Eyes still closed, Sousuke soaks up the feeling of comfortable warmth, interrupted periodically when a gust of air caresses his face. He revels in the lazywhir of the ancient ceiling fan, groaning as it sways, like a greatwooden ship reeling from side to side.
Abruptly, the moment is broken: the alarm goes off, screaming shrilly almost directly into Sousuke’s ears, sounding far happier than it has a right to. Sousuke is jerked rudely into (full) consciousness, eyes snapping open, brought down to Earth by a tether pulled suddenly taut. Disgruntled – he has never been a morning person – Sousuke turns the alarm off, and throws an arm over his face, hoping to reclaim his earlier sleepslow state of mind.
No time for that, the mirror over the dresser notes, snidely, you’re going to be late.
Sousuke makes an impolite gesture in its direction as he sits up.

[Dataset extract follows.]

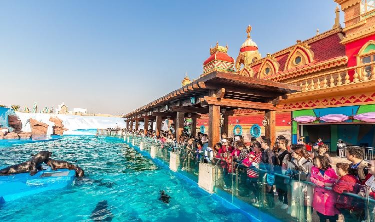 园区一共分为五大主题区域,分别是人鱼海湾、极地小镇、冰雪王国、海底奇域和海洋部落。共有南极企鹅馆、海兽探秘馆、冰山北极馆、珊瑚水母馆、火山鲸鲨馆、海底世界馆六个大型动物展示场馆,可以近距离接触海豚、海狮、鲨鱼、企鹅、北极熊等可爱的海洋动物。除了人鱼海湾,每个区域都有值得一看的表演和项目。话不多说,直接上图。

Out in the hall, the smell of cooked rice wafts up the staircase. This early in the morning, the house is so quiet Sousuke can hear the clatter of a lid being put down, the gurgle of water in the kitchen sink, the chink of china. He stands on the landing for a moment, savoring the feeling – the promise of a homecooked breakfast, the proof of not being alone, of there being another person in the house with him, of being loved. Sousuke smiles.
When Sousuke gets downstairs – still in his pajama bottoms, but with face washed and teeth brushed –he finds the kitchen empty. The table has been set, the teapot is on the stovetop, whistling merrily, and the light on the rice cooker labeled keep warm blinks slowly on and off. Sousuke swipes a bit of grilled mackerel from the platter on the table and goes back up to the first floor.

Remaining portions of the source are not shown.